Eat Bison, Salmon, Sardines, Turkey rather than Beef and Chicken with harmful hormones.

Yummy fresh fruits: Cherries, Blue and Boysenberries, Pineapple, Apples, Papaya, Mango, Strawberries

Eat 5 fruits and/or veggies a day

Eliminate all refined sugar and artificial sweeteners. This includes Bread and Pasta.

 

Top 5 Healthy Foods You’re Probably Not Eating – But Should Be

Dried Plums or Prunes. They have twice as much potassium as bananas and 38 percent more antioxidants than blueberries! They may also help to lower blood cholesterol levels.

Beets. Contain fiber, iron, and Vitamin C. Plus, they contain betacyanin – a powerful cancer-fighting agent that has been shown to help prevent colon cancer in particular. They also contain antioxidants that have been shown to lower total cholesterol while increasing HDL (good) cholesterol!

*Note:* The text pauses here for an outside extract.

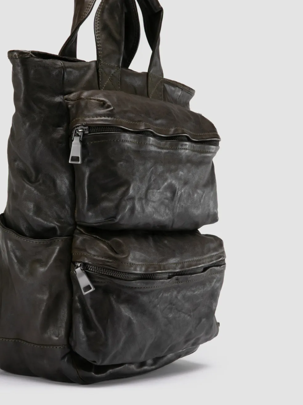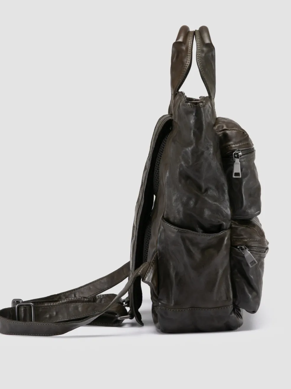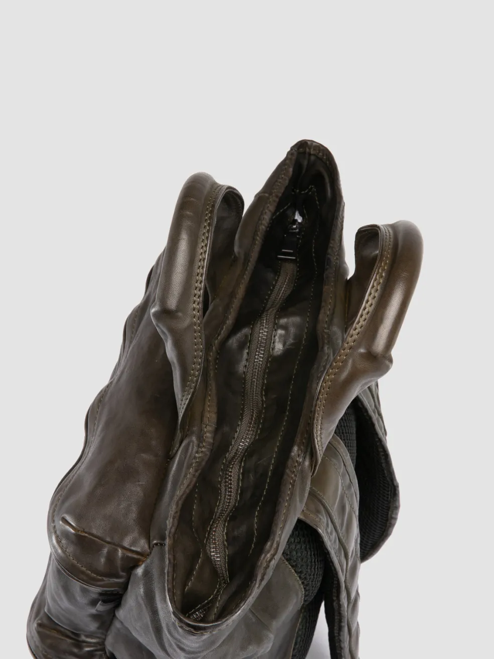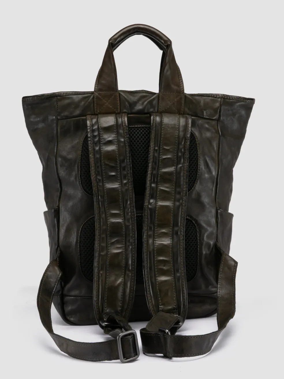 Echoing the practical spirit of military gear, the Recruit 014 backpack is the quintessential ally for the contemporary explorer. Handcrafted in Italy from premium green leather, it’s designed with an ergonomic structure and a padded mesh back panel for increased comfort and improved airflow.

Try marinating steamed beets in fresh lemon juice, olive oil, and fresh herbs; grate raw beets onto salads, soups, or any other dish; or simply add chunks of beet to your roasting pan when you cook up roasted veggies! (Don’t cook beets too long, since beets’ anti-cancer activity can be diminished by heat.)

Pumpkin. A serving of pumpkin has nearly 3 grams of fiber, and is packed with beta carotene – an antioxidant that can help improve immune function and reduce the risk for cancer and heart disease. Fresh pumpkin is only available in the fall and winter months, but canned pumpkin is just as healthy and available all year round.

Cut fresh peeled pumpkin into chunks and roast with a bit of olive oil, salt, and pepper; drop a generous scoop of canned pumpkin into plain pancake batter; make a soup from canned pumpkin, chicken broth, and fat free half and half; OR make a pumpkin pie.

Eggplant. Packed with fiber, and contains Vitamins B1, B3, and B6. Plus, it contains chlorogenic acid – one of the most potent free radical scavengers you can find in a vegetable, and nasunin – a powerful antioxidant that has been shown to protect lipids in brain cells, prevent cellular damage that can lead to cancer, and help prevent rheumatoid arthritis.

Purée roasted eggplant, garlic, tahini, lemon juice and olive oil to make home-made baba ganoush that you can use in sandwiches or as a dip; add cubes eggplant to stir-fry; or again, add to a pan of roasted vegetables.

Beans. Benefits range from helping to prevent cancer and heart disease to regulating blood sugar. Plus, they’re loaded with antioxidants, protein, and fiber. Dried beans are the cheapest, but canned beans work great if you’re short on time.

Try throwing them in a pasta salad with veggies and a can of rinsed chickpeas; use kidney beans to replace half the meat you would normally use in chili; or serve canned, diced tomatoes with onion, green pepper, and black eyed peas over rice.

Bottom line. We can control our food intake and these little changes in your diet can mean a big difference later on. The best part, you’ll feel better too!

Bon Appetite.

*Robin is not a trained/certified dietician or nutritionist; she is a CHN volunteer that has done research and found eating these types of foods helped her. Always consult with your oncologist or doctor before starting a specific diet regimen.